[Opening Exercise data section]

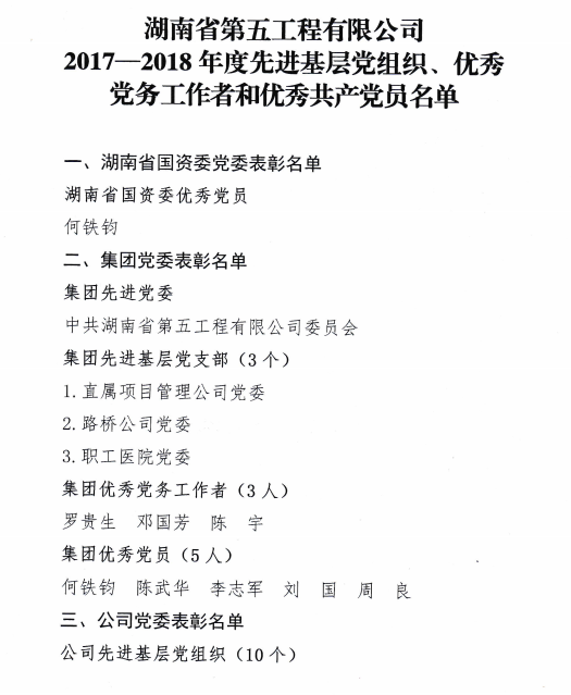 會(huì)議全面回顧了公司黨委過(guò)去一年工作,成績(jī)顯著,備受鼓舞。羅貴生書記指出,一是夯實(shí)黨建基礎(chǔ),突出黨建引領(lǐng)。嚴(yán)格規(guī)范了黨委決策程序,發(fā)揮黨委全面領(lǐng)導(dǎo)作用。健全夯實(shí)黨的基層組織,注重黨員日常教育管理。規(guī)范基層黨支部建設(shè),確保每個(gè)支部都成為戰(zhàn)斗堡壘。同時(shí)開展結(jié)對(duì)幫扶,讓困難黨員職工感受組織溫暖。二是扎實(shí)推進(jìn)“兩學(xué)一做”常態(tài)化、制度化建設(shè)。制定了公司“兩學(xué)一做”學(xué)習(xí)教育常態(tài)化制度化實(shí)施方案,抓住重點(diǎn),層層細(xì)化。注重學(xué)習(xí)型組織建設(shè),提升理論素養(yǎng)。強(qiáng)化深入調(diào)查研究,服務(wù)基層黨員。三是優(yōu)化隊(duì)伍建設(shè),打造一流團(tuán)隊(duì)。以“五建干部學(xué)!睘槠脚_(tái),開展了多層次、多內(nèi)容的教育培訓(xùn)。四是創(chuàng)新宣傳載體,提升企業(yè)文化。著力辦好《湖南五建》報(bào)紙、網(wǎng)站以及微信公眾號(hào),重新編印《企業(yè)文化手冊(cè)》,開設(shè)易地扶貧搬遷項(xiàng)目建設(shè)專題宣傳。五是發(fā)揮群團(tuán)優(yōu)勢(shì),助推企業(yè)發(fā)展。全面構(gòu)建黨建帶工建、黨建帶團(tuán)建的組織網(wǎng)絡(luò)和工作體系。六是切實(shí)履行黨委黨風(fēng)廉政建設(shè)主體責(zé)任。著重日常教育,營(yíng)造不想腐不敢腐的良好環(huán)境。做到學(xué)字當(dāng)先,時(shí)刻保持警鐘長(zhǎng)鳴,堅(jiān)持正面引導(dǎo)和警示教育相結(jié)合。
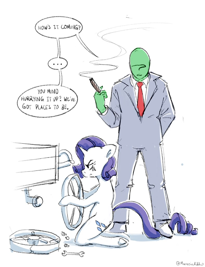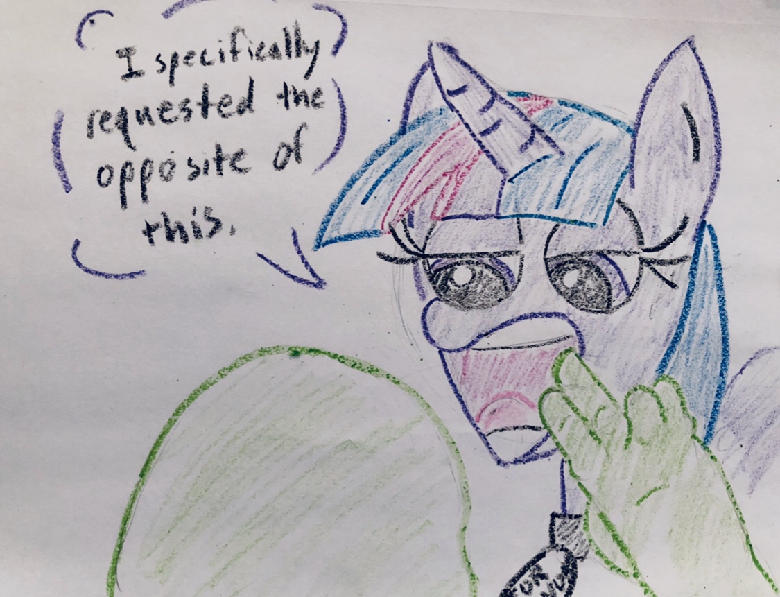 >>43098636>you never get any of them.Well, I'm admittedly not exactly well-versed in this sphere. Apart from older classics and some niche stuff, I'm pretty much out of the loop. Especially when it comes to recent content. I think I didn't keep track of anything that was released in the last ten years or so, except for pony and a small selection of games. Which reference did I miss this time?>Another opportunity to twist his request!>He did not say he wants to control it.I've got to admit that this is an option which I haven't considered. It would be one hell of a way to give Discord what he asked for without giving him what he actually wanted. And I'm sure Discord would at least respect that turnaround for the sake of the craft itself, even when it would absolutely tick him off.>By this I meant something like preventing Anon from leaving.Discord has no control over Anon or his actions, and his influence does not reach Anon's proxy or any other external component. He only has full creative control over his isolated pocket within the system, meaning that he can set the stage and determine how "reality" manifests itself for others in his personal instance of the simulation. As such, Anon has no direct influence on the scenery itself, but he retains the ability to come and go as he pleases. So when he finally decided to depart, Discord had no means to stop him. He could only pick how this departure is represented in his world. So he chose to see Anon getting flushed out as a farewell trick. He could have also chosen to let Anon explode in a cloud of confetti or watch him phase out like a ghost. The end result would've been the same.
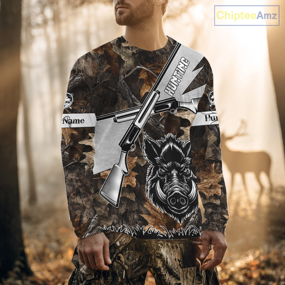 Wild Boar Hunting Rifle Vector 3D Printed Custom Name Shirts, Boar Hunting Clothing, Hunting Gifts NBT219
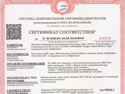 Новый 2026 год наша компания начала с того, что обновила сертификаты пожарной безопасности для топовых продуктов Saicos – масляной краски Haus & Garten-Farbe и защитной цветной лазури Holzlasur.

[Closing Exercise data section]

Exercise objective:
The copy must match the listing above exactly, except that it holds no pictures.

Written response:
 會(huì)議全面回顧了公司黨委過(guò)去一年工作,成績(jī)顯著,備受鼓舞。羅貴生書記指出,一是夯實(shí)黨建基礎(chǔ),突出黨建引領(lǐng)。嚴(yán)格規(guī)范了黨委決策程序,發(fā)揮黨委全面領(lǐng)導(dǎo)作用。健全夯實(shí)黨的基層組織,注重黨員日常教育管理。規(guī)范基層黨支部建設(shè),確保每個(gè)支部都成為戰(zhàn)斗堡壘。同時(shí)開展結(jié)對(duì)幫扶,讓困難黨員職工感受組織溫暖。二是扎實(shí)推進(jìn)“兩學(xué)一做”常態(tài)化、制度化建設(shè)。制定了公司“兩學(xué)一做”學(xué)習(xí)教育常態(tài)化制度化實(shí)施方案,抓住重點(diǎn),層層細(xì)化。注重學(xué)習(xí)型組織建設(shè),提升理論素養(yǎng)。強(qiáng)化深入調(diào)查研究,服務(wù)基層黨員。三是優(yōu)化隊(duì)伍建設(shè),打造一流團(tuán)隊(duì)。以“五建干部學(xué)!睘槠脚_(tái),開展了多層次、多內(nèi)容的教育培訓(xùn)。四是創(chuàng)新宣傳載體,提升企業(yè)文化。著力辦好《湖南五建》報(bào)紙、網(wǎng)站以及微信公眾號(hào),重新編印《企業(yè)文化手冊(cè)》,開設(shè)易地扶貧搬遷項(xiàng)目建設(shè)專題宣傳。五是發(fā)揮群團(tuán)優(yōu)勢(shì),助推企業(yè)發(fā)展。全面構(gòu)建黨建帶工建、黨建帶團(tuán)建的組織網(wǎng)絡(luò)和工作體系。六是切實(shí)履行黨委黨風(fēng)廉政建設(shè)主體責(zé)任。著重日常教育,營(yíng)造不想腐不敢腐的良好環(huán)境。做到學(xué)字當(dāng)先,時(shí)刻保持警鐘長(zhǎng)鳴,堅(jiān)持正面引導(dǎo)和警示教育相結(jié)合。
 >>43098636>you never get any of them.Well, I'm admittedly not exactly well-versed in this sphere. Apart from older classics and some niche stuff, I'm pretty much out of the loop. Especially when it comes to recent content. I think I didn't keep track of anything that was released in the last ten years or so, except for pony and a small selection of games. Which reference did I miss this time?>Another opportunity to twist his request!>He did not say he wants to control it.I've got to admit that this is an option which I haven't considered. It would be one hell of a way to give Discord what he asked for without giving him what he actually wanted. And I'm sure Discord would at least respect that turnaround for the sake of the craft itself, even when it would absolutely tick him off.>By this I meant something like preventing Anon from leaving.Discord has no control over Anon or his actions, and his influence does not reach Anon's proxy or any other external component. He only has full creative control over his isolated pocket within the system, meaning that he can set the stage and determine how "reality" manifests itself for others in his personal instance of the simulation. As such, Anon has no direct influence on the scenery itself, but he retains the ability to come and go as he pleases. So when he finally decided to depart, Discord had no means to stop him. He could only pick how this departure is represented in his world. So he chose to see Anon getting flushed out as a farewell trick. He could have also chosen to let Anon explode in a cloud of confetti or watch him phase out like a ghost. The end result would've been the same.
 Wild Boar Hunting Rifle Vector 3D Printed Custom Name Shirts, Boar Hunting Clothing, Hunting Gifts NBT219
 Новый 2026 год наша компания начала с того, что обновила сертификаты пожарной безопасности для топовых продуктов Saicos – масляной краски Haus & Garten-Farbe и защитной цветной лазури Holzlasur.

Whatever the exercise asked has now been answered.